### Required work
Copy out precisely the lines of the material that follows, beginning with the line containing "Черный шампунь Агафьи" and ending with its last line; exclude pictures.

### Task data
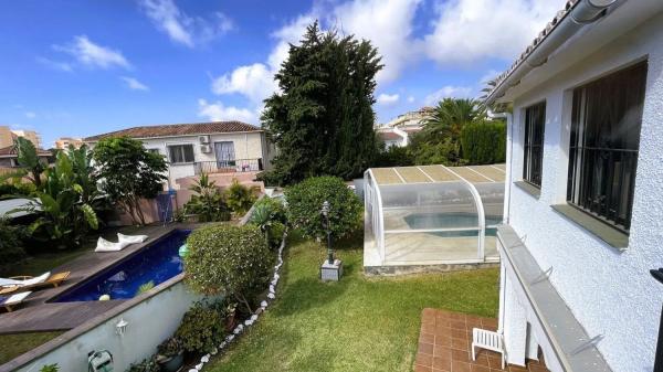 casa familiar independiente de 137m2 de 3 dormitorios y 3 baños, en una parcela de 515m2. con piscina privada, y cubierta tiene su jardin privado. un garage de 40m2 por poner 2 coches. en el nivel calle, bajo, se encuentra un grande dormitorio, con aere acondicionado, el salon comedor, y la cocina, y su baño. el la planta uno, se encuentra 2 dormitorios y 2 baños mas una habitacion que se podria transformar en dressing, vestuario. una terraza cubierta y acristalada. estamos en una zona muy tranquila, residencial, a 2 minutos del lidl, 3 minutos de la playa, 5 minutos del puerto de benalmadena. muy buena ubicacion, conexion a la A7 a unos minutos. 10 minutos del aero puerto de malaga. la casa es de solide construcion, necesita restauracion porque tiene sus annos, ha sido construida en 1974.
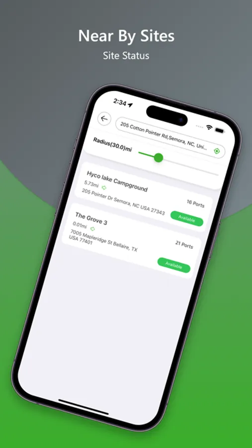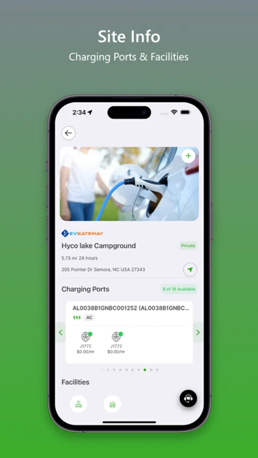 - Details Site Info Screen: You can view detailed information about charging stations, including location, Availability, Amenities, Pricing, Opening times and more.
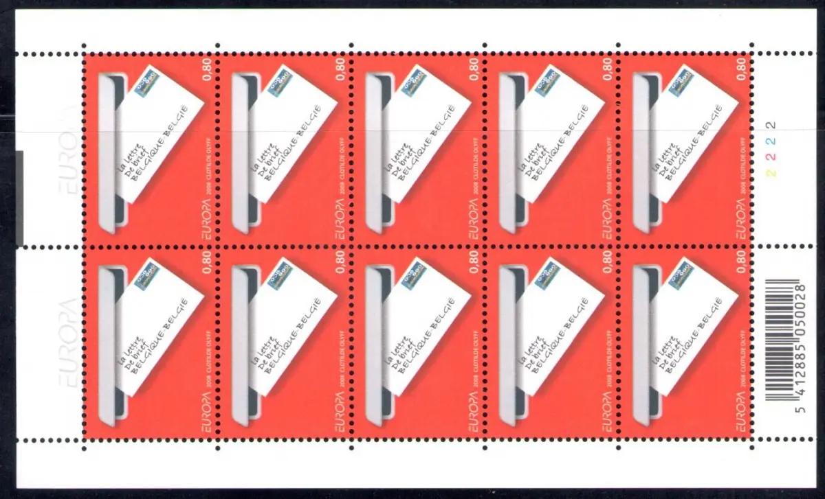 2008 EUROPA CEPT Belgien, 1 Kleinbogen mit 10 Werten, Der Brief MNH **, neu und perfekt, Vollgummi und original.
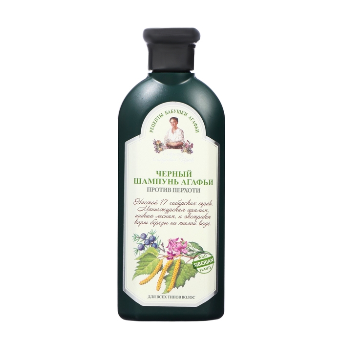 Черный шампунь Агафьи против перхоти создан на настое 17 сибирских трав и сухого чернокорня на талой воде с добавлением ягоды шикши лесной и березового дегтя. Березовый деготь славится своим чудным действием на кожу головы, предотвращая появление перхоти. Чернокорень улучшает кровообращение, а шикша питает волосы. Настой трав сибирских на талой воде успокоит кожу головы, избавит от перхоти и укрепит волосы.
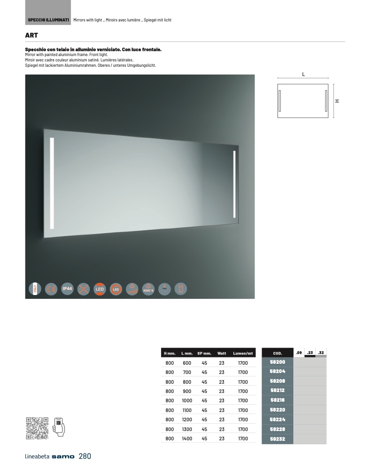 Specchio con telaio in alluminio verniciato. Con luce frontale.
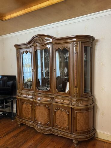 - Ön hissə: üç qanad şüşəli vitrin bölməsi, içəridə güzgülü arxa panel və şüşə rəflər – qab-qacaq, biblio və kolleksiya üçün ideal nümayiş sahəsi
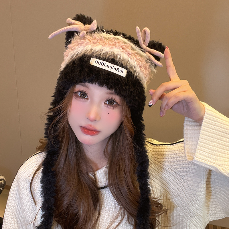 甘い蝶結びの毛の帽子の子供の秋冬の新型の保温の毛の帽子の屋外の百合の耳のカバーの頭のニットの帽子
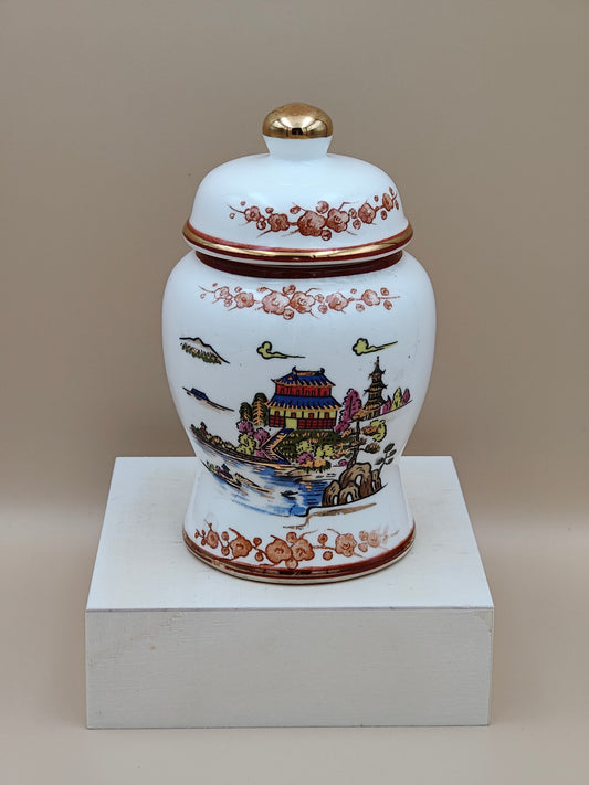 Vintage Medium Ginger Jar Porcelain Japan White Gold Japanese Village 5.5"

### Solution for this problem
 Черный шампунь Агафьи против перхоти создан на настое 17 сибирских трав и сухого чернокорня на талой воде с добавлением ягоды шикши лесной и березового дегтя. Березовый деготь славится своим чудным действием на кожу головы, предотвращая появление перхоти. Чернокорень улучшает кровообращение, а шикша питает волосы. Настой трав сибирских на талой воде успокоит кожу головы, избавит от перхоти и укрепит волосы.
 Specchio con telaio in alluminio verniciato. Con luce frontale.
 - Ön hissə: üç qanad şüşəli vitrin bölməsi, içəridə güzgülü arxa panel və şüşə rəflər – qab-qacaq, biblio və kolleksiya üçün ideal nümayiş sahəsi
 甘い蝶結びの毛の帽子の子供の秋冬の新型の保温の毛の帽子の屋外の百合の耳のカバーの頭のニットの帽子
 Vintage Medium Ginger Jar Porcelain Japan White Gold Japanese Village 5.5"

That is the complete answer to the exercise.